Le Québec connaissait déjà une pénurie de main-d'œuvre bien avant la pandémie de COVID-19. La principale cause est le vieillissement de la population au Québec, qui entraîne un grand nombre de départs à la retraite.
Ce n’est pas pour rien que comme solution à court terme, le Conseil du patronat du Québec (CPQ) propose d’encourager les travailleurs de plus de 60 ans à rester à l’emploi. Il suggère aussi d’accueillir davantage d’immigrants chaque année pour répondre aux besoins de main-d’œuvre.
La pénurie de main-d’œuvre serait aussi le résultat de mauvaises stratégies de gestion qui ont été mises en place bien avant la pandémie, selon Angelo Dos Santos Soares, professeur titulaire au Département d'organisation et ressources humaines de l’ESG UQAM.
«Ce n’est pas la pandémie qui a réduit le bassin de travailleurs. Il y a une prise de conscience des gens par rapport aux mauvaises conditions de travail dans lesquelles ils vivent depuis des années et ça s’est renforcé avec la pandémie», a expliqué l’expert au 24 heures.

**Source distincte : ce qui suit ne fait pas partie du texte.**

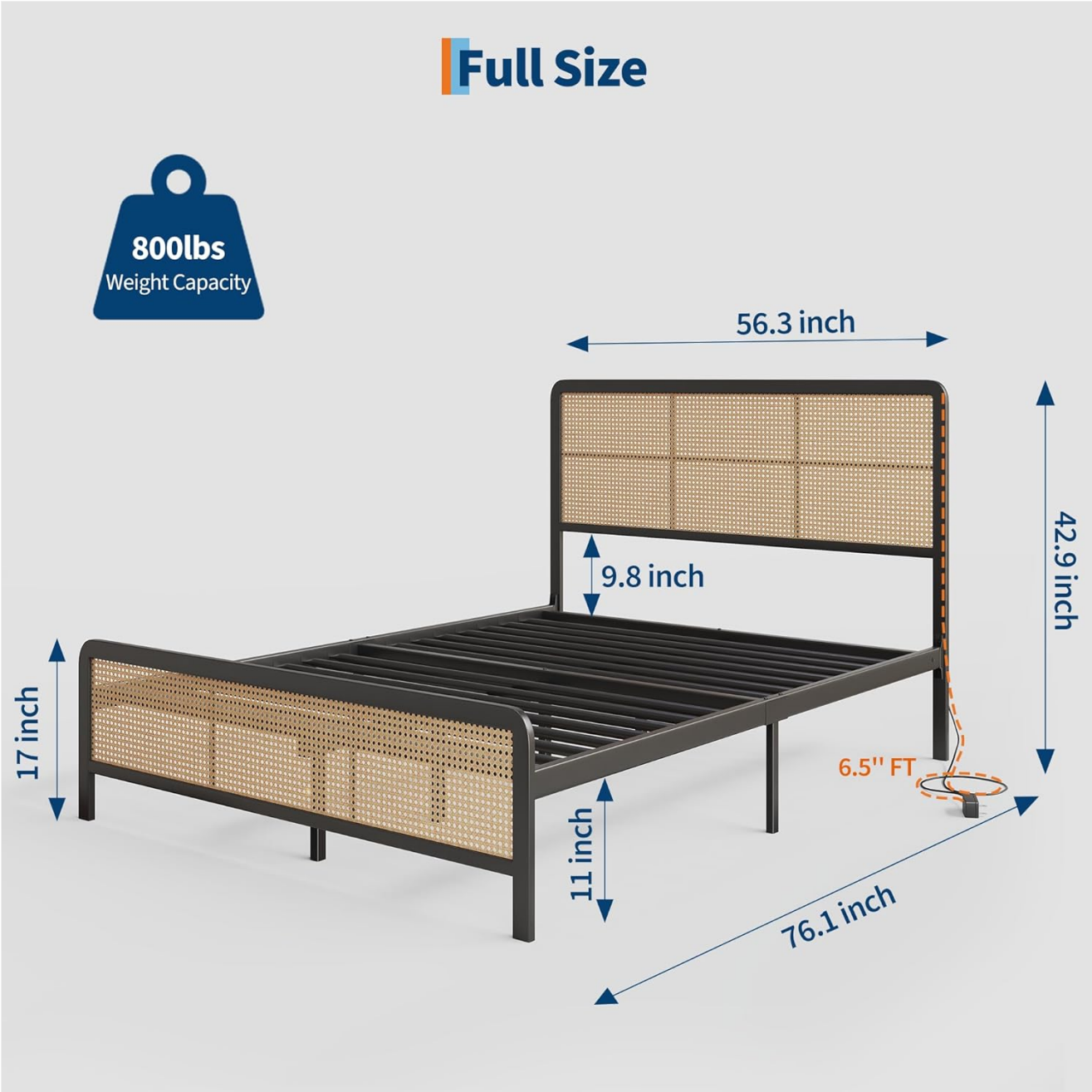
Image: Full size bed frame dimensions and weight capacity.

D’ailleurs, les plus récentes données de Statistique Canada montrent que le secteur dans lequel on trouve le plus de postes vacants au Québec est celui de la restauration et de l’hébergement - bien connu pour ses horaires souvent irréguliers - avec un taux de 11,1 %. C’est donc dire que plus d’un poste sur dix est vacant dans ce secteur.
Les employés ensevelis sous le travail
On le sait, la pénurie de main-d'œuvre est pénible pour les chefs d’entreprise, qui ont de la misère à recruter. Dans un récent sondage du CPQ, près de la moitié (49,7%) des entreprises sondées ont indiqué avoir refusé des contrats, à cause justement de la pénurie de main-d’œuvre.
Ce dont on parle moins, c'est des employés qui sont bien là, mais qui se retrouvent ensevelis sous le travail.
«Tout le monde est perdant, ajoute Angelo Dos Santos Soares. Les gens qui travaillent à l’heure actuelle subissent une surcharge de travail qui est inhumaine. Des gens finissent par se dire "c’est de valeur, mais je ne veux pas continuer à travailler dans ces conditions" et ils quittent, ou ils sont réorientent carrément.»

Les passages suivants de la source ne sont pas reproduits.